Critics including Nicholas Carr and Jaron Lanier have argued that abundance economics oversells democratization and undersells the concentration of power at the aggregation layer. The critique has force: abundance at the product level coexists with concentration at the platform level, and the distribution of gains from abundance has been more unequal than the framework's early proponents predicted.
Scarcity moves. When one input becomes abundant, scarcity relocates to adjacent inputs — attention, trust, judgment, integration.
Prices follow marginal cost. Competitive markets push digital prices toward zero regardless of producer preferences.
Bimodal markets emerge. The head concentrates, the tail lengthens, the middle disappears.
Filtering is the new production. The economic activity that captures value shifts from making to sorting.
Platforms dominate.

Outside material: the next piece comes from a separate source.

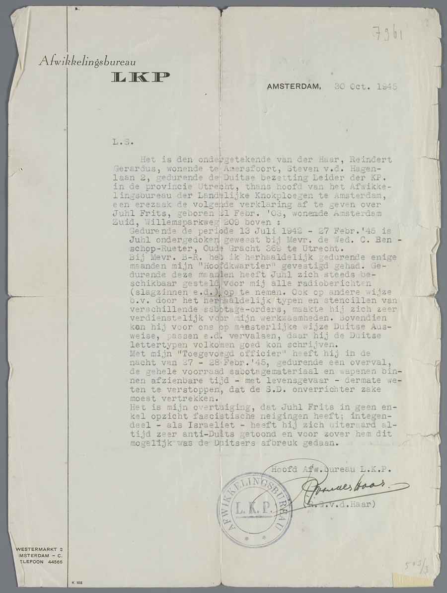Verklaring van Reindert Gerardus van der Haar van het Afwikkelingsbureau LKP dat Frits Juhl bij Clara Benschop-Rueter zat ondergedoken en actief was in het verzet, oktober 1945.

The aggregation layer where network effects compound captures disproportionate value in every abundance transition.
The right framing is that abundance and scarcity coexist at different layers, and the institutional challenge is managing the boundary between them. At the application layer—the layer where most human activity happens—Edo's analysis is essentially correct (90%). Text, image, and code generation do approach zero marginal cost for the user; value does migrate from execution to direction; the Keynesian demand-side analysis does apply. The commoditization is real and the institutional implications follow.
At the infrastructure layer, the contrarian view dominates (75%). Energy, compute, and fabrication remain scarce and increasingly concentrated. The abundance users experience is subsidized by resource extraction and capital concentration that operate under traditional scarcity economics. The question is not whether this scarcity exists but whether it constrains the abundance above it—and here the answer depends on the domain and timescale. For individual creative work, the constraint is currently loose. For economy-wide transformation, it tightens.
The synthesis the concept requires is this: abundance economics is the economics of the interface between post-scarcity production layers and pre-scarcity control layers. Value migrates not just from production to judgment but from distributed production to concentrated infrastructure. The surviving value forms Edo identifies—ecosystem, judgment, trust—are genuine, but they operate in a dual role: as intrinsic human capacities that machines cannot replicate, and as gatekeeping mechanisms in a system where substrate access is controlled. The institutional response must address both: invest in judgment cultivation while preventing infrastructure monopoly from capturing the abundance it enables.